Explain SMBC — the wiki for Saturday Morning Breakfast Cereal

2014-12-25

2014-12-25 View on smbc-comics.com → 1 revision
2014-12-25
Votey panel for 2014-12-25
This explanation is incomplete or may contain errors. It was generated by AI and has not yet been reviewed by a human editor.

Explanation

The Joke

A woman asks a man if he knows that one plus one equals two. He says yes. She then asks whether he knows this from observation or from pure logic, and he confidently says "obviously pure logic." She then challenges him: what if he held up one apple and another apple and somehow got a different number? He is initially confident, but then becomes increasingly panicked -- "OH MY GOD" -- realizing he has never actually verified the claim empirically.
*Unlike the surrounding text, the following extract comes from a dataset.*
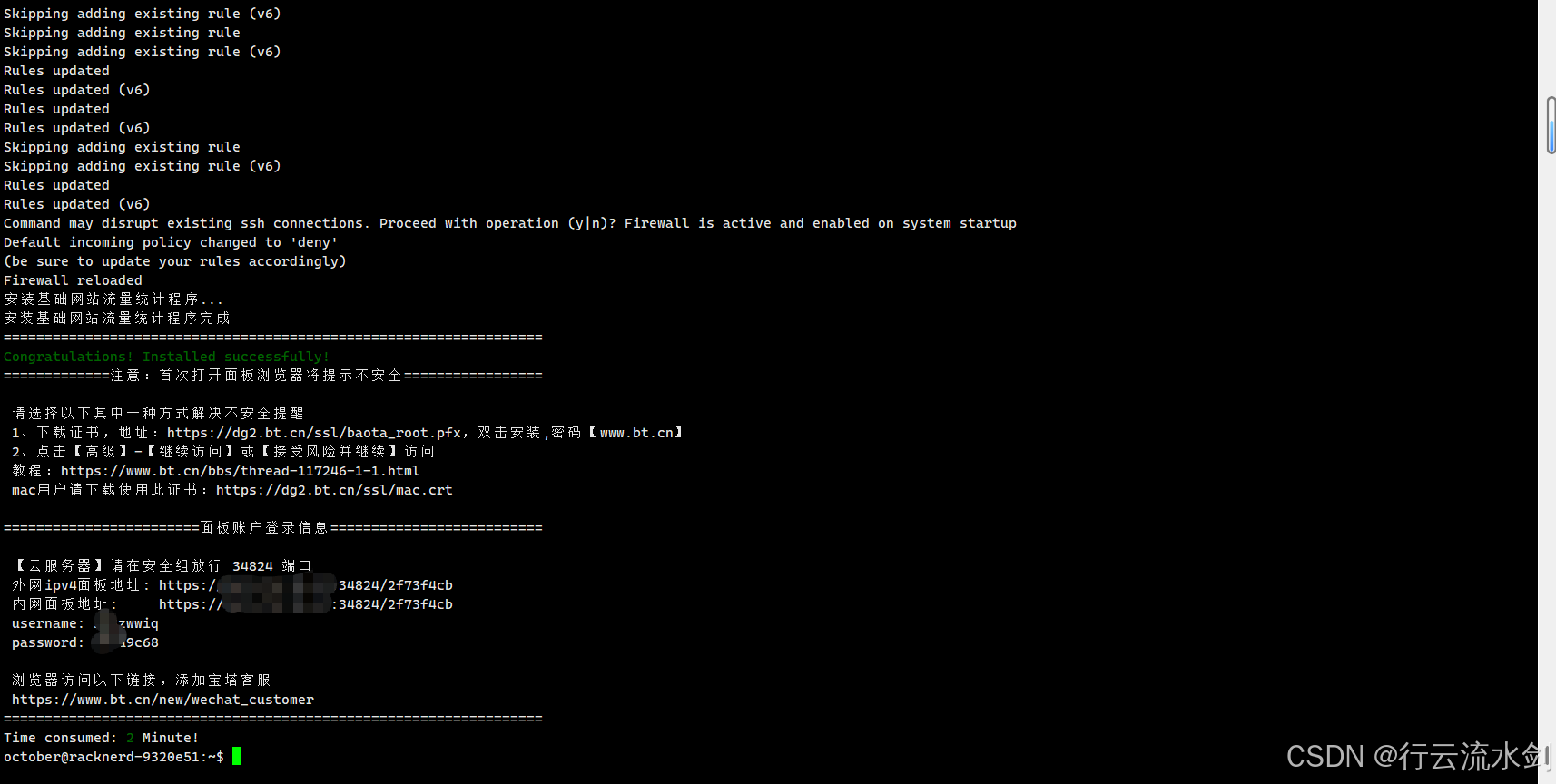📌 安装完成后,会输出面板登录地址、用户名和密码,请务必截图或复制保存!

The two of them spiral into an existential crisis, screaming "AAH!" and concluding that "obviously our understanding of everything is a lie!" In the final panel, they decide they need to "punish Berkeley for creating this with effect" and ask for apples (presumably to test the hypothesis), while a small figure (possibly George Berkeley) looks on.

The Humor

The comic dramatizes a genuine tension in the philosophy of mathematics: do we know mathematical truths a priori (through pure reason) or a posteriori (through experience)? The man confidently claims pure logic, but when challenged with a simple empirical scenario -- what if combining apples gave an unexpected result? -- he panics completely instead of calmly reasoning through it. The humor lies in the characters treating an introductory philosophy-of-math question as a world-shattering revelation and having a full emotional breakdown over it. The reference to punishing Berkeley adds a layer, since George Berkeley was a philosopher who questioned the foundations of empirical knowledge.

References

  • George Berkeley (1685-1753): An Irish philosopher known for his idealism -- the view that material objects exist only as perceptions in the mind. His skepticism about the foundations of knowledge is precisely the kind of thinking that drives the characters to panic.
  • A priori vs. a posteriori knowledge: The central philosophical distinction in the comic. A priori knowledge is known through reason alone; a posteriori knowledge requires sensory experience. Whether mathematical truths are a priori is a major topic in epistemology.